There are so many pre-trained models, the MXNet framework refers to them as a ‘model zoo’, the one I used is called ‘Squeezenet’ – there are competitions to find the model that can perform best, and Squeezenet gives good results, and is small enough to load onto a small device like a DeepLens.
So the trick is to start with something that looks like what we are trying to classify; Squeezenet has two existing categories for helmets, ‘Crash helmet’ and ‘Football helmet’.
When you use the model ‘as is’, it does not perform well, and gets things wrong – telling it to look for ‘Crash Helmets’ in these images, it thinks it can ‘see them’ – there are two sets of numbers below which each represent the probability of the corresponding images having helmets in them.

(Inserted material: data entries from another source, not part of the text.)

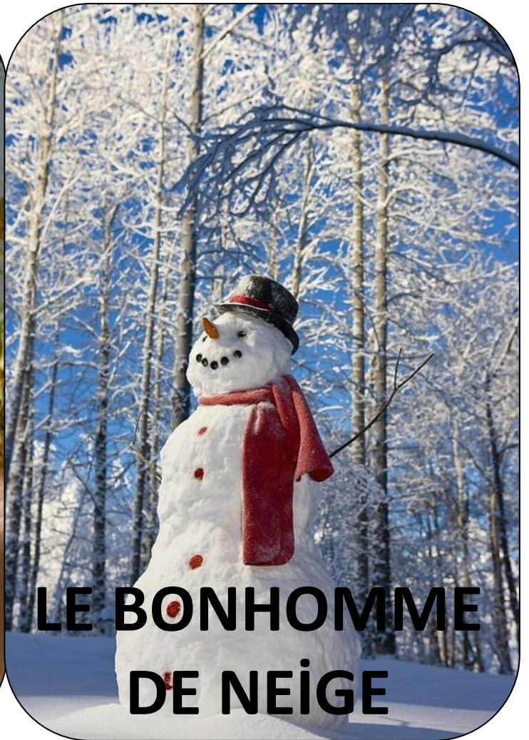
LE BONHOMME DE NEIGE
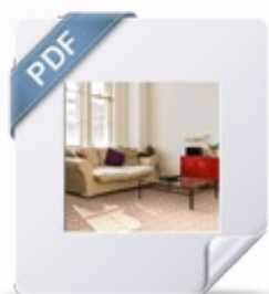
Wariant Klucz Klucz
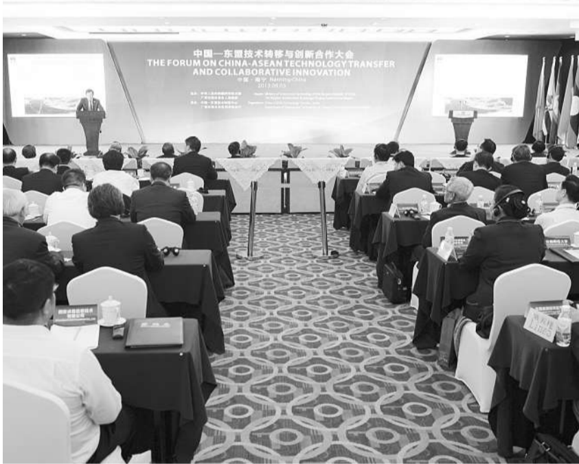
9月3日,中国—东盟技术转移与创新合作大会开幕式暨高层论坛在广西南宁召开。
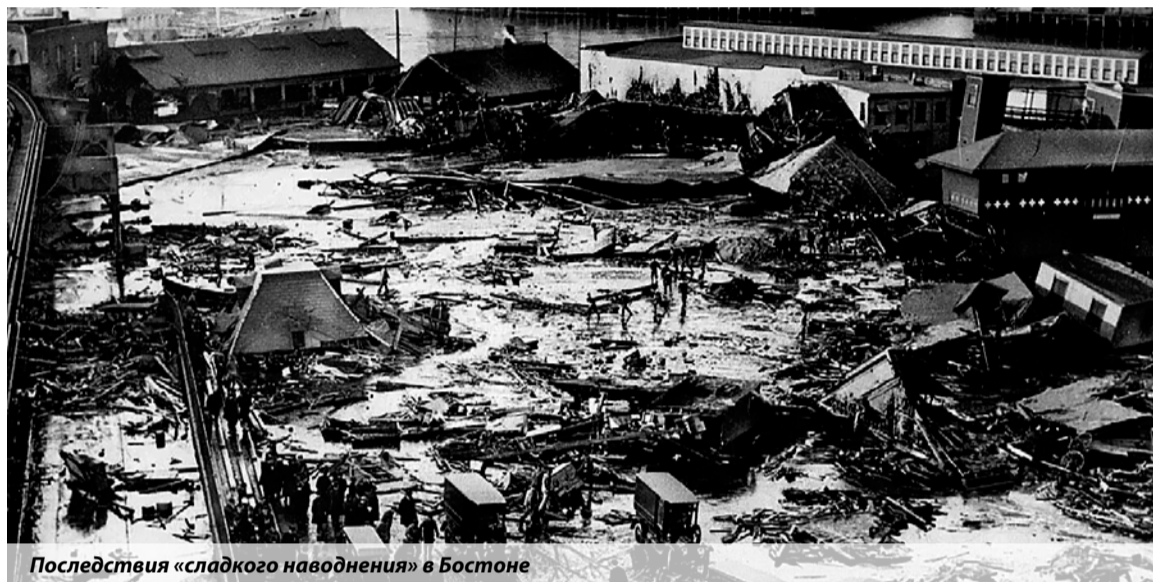
Последствия «сладкого наводнения» в Бостоне

Владимир Другак
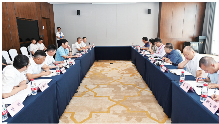
通化市中药大品种高质量发展专家咨询会现场。

理局药品注册司副司长王海南，浙江大学药学院教授程翼宇，分别就《中医药新质生产力发展》《中药研究底层核心技术与产业发展》《中药注册管理改革与中药高质量发展》《智慧制药赋能中药工业新质生产力发展》做主题报告。“推动通化医药产业高质量发展，抓手就是新质生产力。通化市在化药、生物制药、中药等领域都有好的产业基础，特别是中药独家品种就有130多种。我们希望通过全国专家来这里介绍先进的经验，推动通化培育大规模产业，实现数字制药达到水平。同时，通过大品种战略带动，推动通化生物医药产业，特别是中医药产业升级换代。”张伯礼说。交流会上，思想、信息、经验、智慧、成果……汇集聚拢，“头脑风暴”引发与会人员更深层次的思考。“这次活动带来许多关于医药产业的前沿资讯和政策，关于新质生产力的解读也给我们带来全新视角。安睿特重
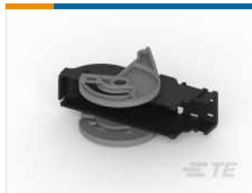
TE Teilenummer1-2209521-1 46POS. COVER ASSY
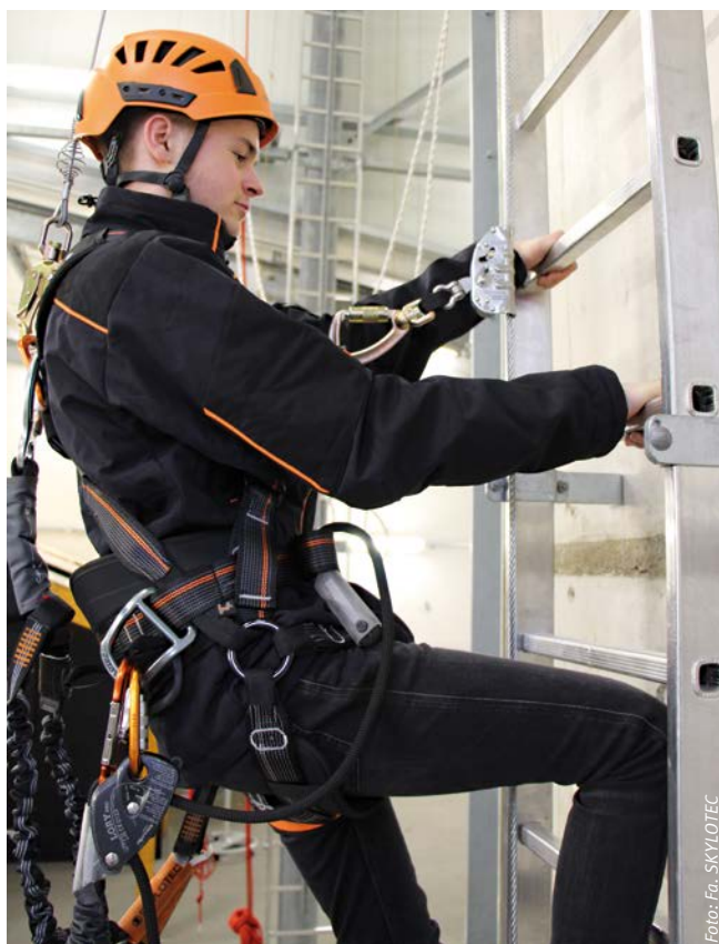
Abbildung 1: Auffangsystem mit einem Steigschutz- läufer (Auffanggerät mit Falldämpfer)

Viele wertvolle Hinweise zu den genannten Komponenten der PSAgA und das Prinzip der grundsätzlichen Vorgehensweise bei
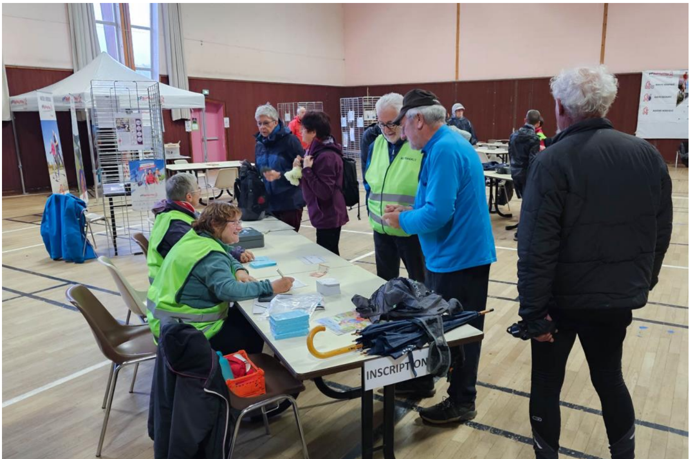
Les autres club FFRP des Vosges sont représentés : les Copains Baladeurs de Hadol, les Béréts Randonneurs de Plainfaing, les Randonneurs du Pays de Charmes.
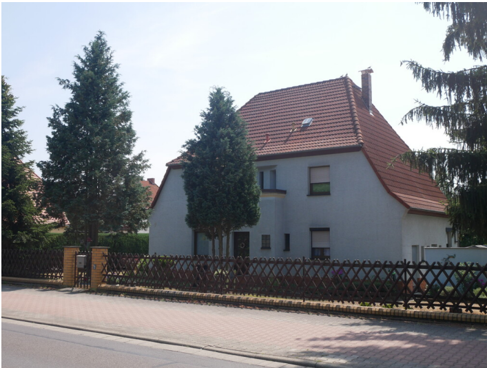
Wohnanlage Hugo-Wolfram-Platz ehemals Bürenhof
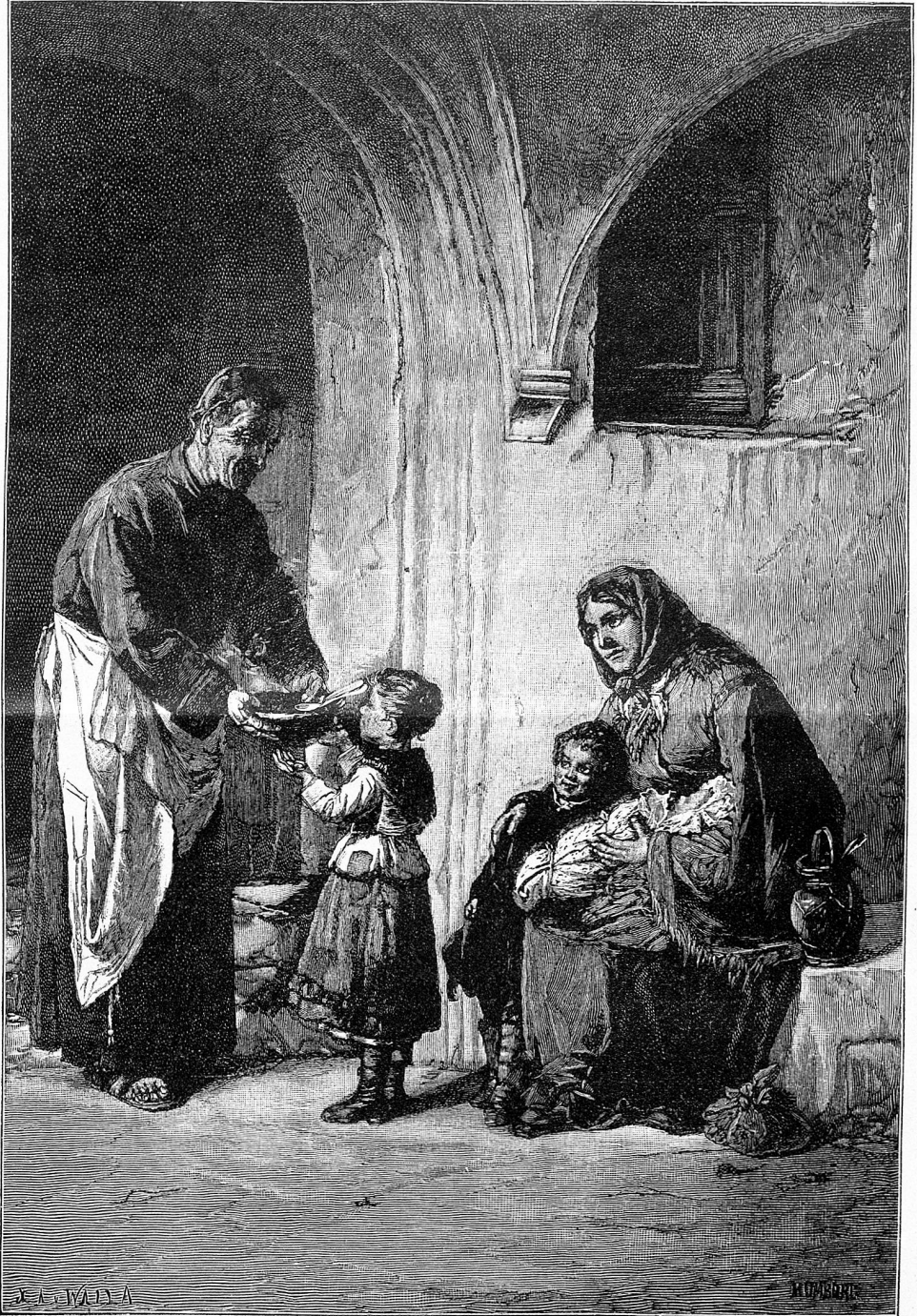
An der Klosterpforte.

des naturnotwendigen Zusammenwirkens aller Seelenkräfte eine Krankheit des Verstandes. Uebertriebene Schwärmerei und ziellose Träume erzeugen Trugbilder in Hülle. Natürlich, der Verstand wird gewaltsam geknechtet; er seufzt — oder schweigt unter der Herrschaft der Phantasie. Klar Denken, folgerichtig Schließen und Handeln ist alsdann ein Ding der Unmöglichkeit; dafür treten verschrobene und fixe Ideen auf, die selbst die

Both numbers are a percentage and the first of the number being the prediction of a helmet, the second there not being a helmet.
Taking ‘Crash helmet’ as the starting point, and re-trained (also called ‘fine tuning’ or ‘transfer learning’) the last part of the model (the purple one on the far right), to learn what safety helmets look like.
The training took about an hour, on an Amazon ml.t2.medium instance (free tier) and I picked the ‘best’ accuracy, you can see the code and runs here: https://github.com/Steve–Hunter/DeepLens-Safety-Helmet/blob/master/3.%20Fine%20tune%20existing%20model.ipynb
3.4 Test it out!
After training things improve a lot – in the first image below, the model is now 96% certain it can see safety helmets, and in the second 98% certain it is not.
What still ‘blows my mind’ is that there are multiple people in the image – the training set contained individuals, groups, different lighting and helmet colours – imagine trying to ‘code’ for this in a conventional way! But the model has learned the ‘helmet-ness’ of the images!
You can give the model an image it has never seen (e.g. me wearing a red safety helmet, thanks fire warden!):
My GitHub goes onto cover how to deploy to a DeepLens (still working on that), and I’ll blog about how that works later, and what it could do if it ‘sees’ someone not wearing a safety helmet.
This example is a simple classifier (‘is’ or ‘is not’ … like the ‘Silicon Valley’ episode of ‘Hotdog not hotdog’), but could cover many different categories, or be trained to recognise people faces from a list.
The same method can be applied to numeric data (e.g. find patterns to determine if someone is likely to default on a loan), and with almost limitless cloud-based storage and processing, new applications are emerging.
I feel that the technology is already amazing enough, we can now dream up equally amazing use cases and applications for this fast moving and evolving field of deep learning!